Instructions for the task: Reproduce only the lines of the material below that start at the line containing "På den här scenen" and stop at the line containing "Escape from Tarkov". Keep both end lines.
[Information supplied]
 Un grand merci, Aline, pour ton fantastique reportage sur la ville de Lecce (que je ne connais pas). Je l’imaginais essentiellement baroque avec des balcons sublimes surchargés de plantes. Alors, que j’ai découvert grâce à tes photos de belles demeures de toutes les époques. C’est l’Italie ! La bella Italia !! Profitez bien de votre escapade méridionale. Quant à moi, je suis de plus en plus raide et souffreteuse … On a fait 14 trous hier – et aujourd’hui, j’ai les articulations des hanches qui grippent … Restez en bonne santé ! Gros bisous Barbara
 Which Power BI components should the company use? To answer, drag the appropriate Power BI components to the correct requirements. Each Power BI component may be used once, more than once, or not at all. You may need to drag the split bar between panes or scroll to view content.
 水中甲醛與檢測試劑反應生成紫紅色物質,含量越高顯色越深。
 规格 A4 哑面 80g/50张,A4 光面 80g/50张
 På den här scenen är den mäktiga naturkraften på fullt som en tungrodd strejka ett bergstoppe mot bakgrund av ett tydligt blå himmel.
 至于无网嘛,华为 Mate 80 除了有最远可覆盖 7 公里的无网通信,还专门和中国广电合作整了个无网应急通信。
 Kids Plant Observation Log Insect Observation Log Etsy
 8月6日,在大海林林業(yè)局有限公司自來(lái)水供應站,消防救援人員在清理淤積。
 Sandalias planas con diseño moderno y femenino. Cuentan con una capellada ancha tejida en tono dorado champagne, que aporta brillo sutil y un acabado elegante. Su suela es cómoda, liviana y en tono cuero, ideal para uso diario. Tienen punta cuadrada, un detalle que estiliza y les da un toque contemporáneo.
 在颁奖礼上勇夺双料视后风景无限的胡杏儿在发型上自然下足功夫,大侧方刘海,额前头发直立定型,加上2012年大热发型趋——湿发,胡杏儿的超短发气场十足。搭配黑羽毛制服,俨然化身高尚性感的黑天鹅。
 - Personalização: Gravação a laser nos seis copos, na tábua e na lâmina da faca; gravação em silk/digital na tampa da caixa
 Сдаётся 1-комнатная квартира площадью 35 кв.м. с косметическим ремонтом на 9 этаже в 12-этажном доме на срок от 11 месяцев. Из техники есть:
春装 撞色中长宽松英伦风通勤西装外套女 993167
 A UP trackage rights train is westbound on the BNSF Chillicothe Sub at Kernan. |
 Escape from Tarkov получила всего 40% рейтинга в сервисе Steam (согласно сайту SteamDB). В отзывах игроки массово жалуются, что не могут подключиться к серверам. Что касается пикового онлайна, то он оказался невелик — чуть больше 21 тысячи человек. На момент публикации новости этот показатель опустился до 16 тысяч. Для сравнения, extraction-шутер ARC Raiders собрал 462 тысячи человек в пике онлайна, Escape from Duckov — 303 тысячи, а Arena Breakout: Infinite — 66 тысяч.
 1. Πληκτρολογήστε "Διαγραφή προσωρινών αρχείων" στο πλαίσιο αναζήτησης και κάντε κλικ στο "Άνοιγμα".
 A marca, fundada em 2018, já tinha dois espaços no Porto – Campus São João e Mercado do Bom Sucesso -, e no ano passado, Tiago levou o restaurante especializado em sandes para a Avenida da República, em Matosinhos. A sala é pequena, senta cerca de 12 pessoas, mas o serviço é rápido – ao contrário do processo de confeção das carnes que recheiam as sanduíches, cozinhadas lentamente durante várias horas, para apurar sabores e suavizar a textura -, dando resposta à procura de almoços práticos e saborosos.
[/Information supplied]
Answer to this task:
 På den här scenen är den mäktiga naturkraften på fullt som en tungrodd strejka ett bergstoppe mot bakgrund av ett tydligt blå himmel.
 至于无网嘛,华为 Mate 80 除了有最远可覆盖 7 公里的无网通信,还专门和中国广电合作整了个无网应急通信。
 Kids Plant Observation Log Insect Observation Log Etsy
 8月6日,在大海林林業(yè)局有限公司自來(lái)水供應站,消防救援人員在清理淤積。
 Sandalias planas con diseño moderno y femenino. Cuentan con una capellada ancha tejida en tono dorado champagne, que aporta brillo sutil y un acabado elegante. Su suela es cómoda, liviana y en tono cuero, ideal para uso diario. Tienen punta cuadrada, un detalle que estiliza y les da un toque contemporáneo.
 在颁奖礼上勇夺双料视后风景无限的胡杏儿在发型上自然下足功夫,大侧方刘海,额前头发直立定型,加上2012年大热发型趋——湿发,胡杏儿的超短发气场十足。搭配黑羽毛制服,俨然化身高尚性感的黑天鹅。
 - Personalização: Gravação a laser nos seis copos, na tábua e na lâmina da faca; gravação em silk/digital na tampa da caixa
 Сдаётся 1-комнатная квартира площадью 35 кв.м. с косметическим ремонтом на 9 этаже в 12-этажном доме на срок от 11 месяцев. Из техники есть:
春装 撞色中长宽松英伦风通勤西装外套女 993167
 A UP trackage rights train is westbound on the BNSF Chillicothe Sub at Kernan. |
 Escape from Tarkov получила всего 40% рейтинга в сервисе Steam (согласно сайту SteamDB). В отзывах игроки массово жалуются, что не могут подключиться к серверам. Что касается пикового онлайна, то он оказался невелик — чуть больше 21 тысячи человек. На момент публикации новости этот показатель опустился до 16 тысяч. Для сравнения, extraction-шутер ARC Raiders собрал 462 тысячи человек в пике онлайна, Escape from Duckov — 303 тысячи, а Arena Breakout: Infinite — 66 тысяч.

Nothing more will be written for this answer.